In order to decrease the regeneration temperature of diesel soot deposited in the diesel particulate filter (DPF), the catalyzed DPF is generally used. Since the catalyst is made of expensive noble metals such as platinum, it is better to reduce the amount of catalyst. For that purpose, we need to know the influence of the catalyst on the soot deposition process. In this study, the flow and the soot deposition of the catalyzed DPF (CDPF) have been simulated. The substrate structure of the filter was obtained by an X-ray CT technique. Here, two types of the catalyst coating were considered, which were in-wall and on-wall CDPFs. For both cases, we set the same amount of catalyst. The effects of the catalyst on the pressure drop were evaluated by comparing the simulation without the catalyst. The permeability of the catalyst layer was estimated based on the experimental pressure drop. In particular, the contact ratio of the deposited soot and the catalyst layer was discussed to obtain the information on the regeneration efficiency. It was found that, due to the catalyst, the soot deposition process was affected.
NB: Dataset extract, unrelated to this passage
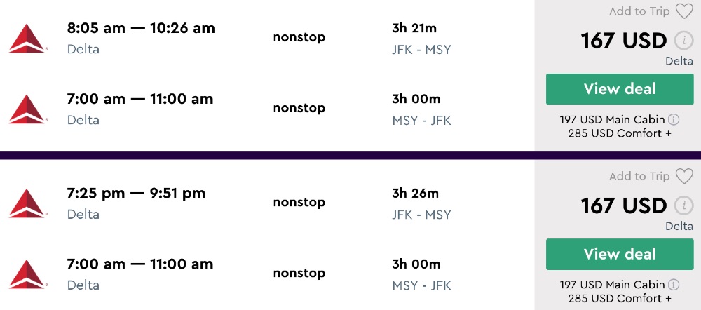 Amazing deal: New York to New Orleans and vice versa flight, round-trip as low as $167.

Resultantly, the pressure drop of the on-wall CDPF was smaller than that of the in-wall CDPF. In the case of the on-wall CDPF, more deposited soot can be contacted with the catalyst layer, suggesting the higher efficiency for the filter regeneration.

为了降低沉积在柴油机微粒过滤器（DPF）中的柴油机烟灰的再生温度，通常使用催化的DPF。由于催化剂由昂贵的贵金属例如铂制成，因此最好减少催化剂的用量。为此，我们需要了解催化剂对烟灰沉积过程的影响。在这项研究中，已模拟了催化的DPF（CDPF）的流动和烟灰沉积。过滤器的基板结构通过X射线CT技术获得。这里，考虑了两种类型的催化剂涂层，即壁内和壁上的CDPF。对于这两种情况，我们都设置了相同量的催化剂。通过比较没有催化剂的模拟，评估了催化剂对压降的影响。基于实验压降估算催化剂层的渗透性。特别地，讨论了沉积的烟灰与催化剂层的接触比以获得关于再生效率的信息。发现由于催化剂的影响，烟灰沉积过程受到影响。结果，壁上CDPF的压降小于壁上CDPF的压降。在壁上CDPF的情况下，更多的沉积烟灰可以与催化剂层接触，这表明过滤器再生的效率更高。壁上CDPF的压降小于壁上CDPF的压降。在壁上CDPF的情况下，更多的沉积烟灰可以与催化剂层接触，这表明过滤器再生的效率更高。壁上CDPF的压降小于壁上CDPF的压降。在壁上CDPF的情况下，更多的沉积烟灰可以与催化剂层接触，这表明过滤器再生的效率更高。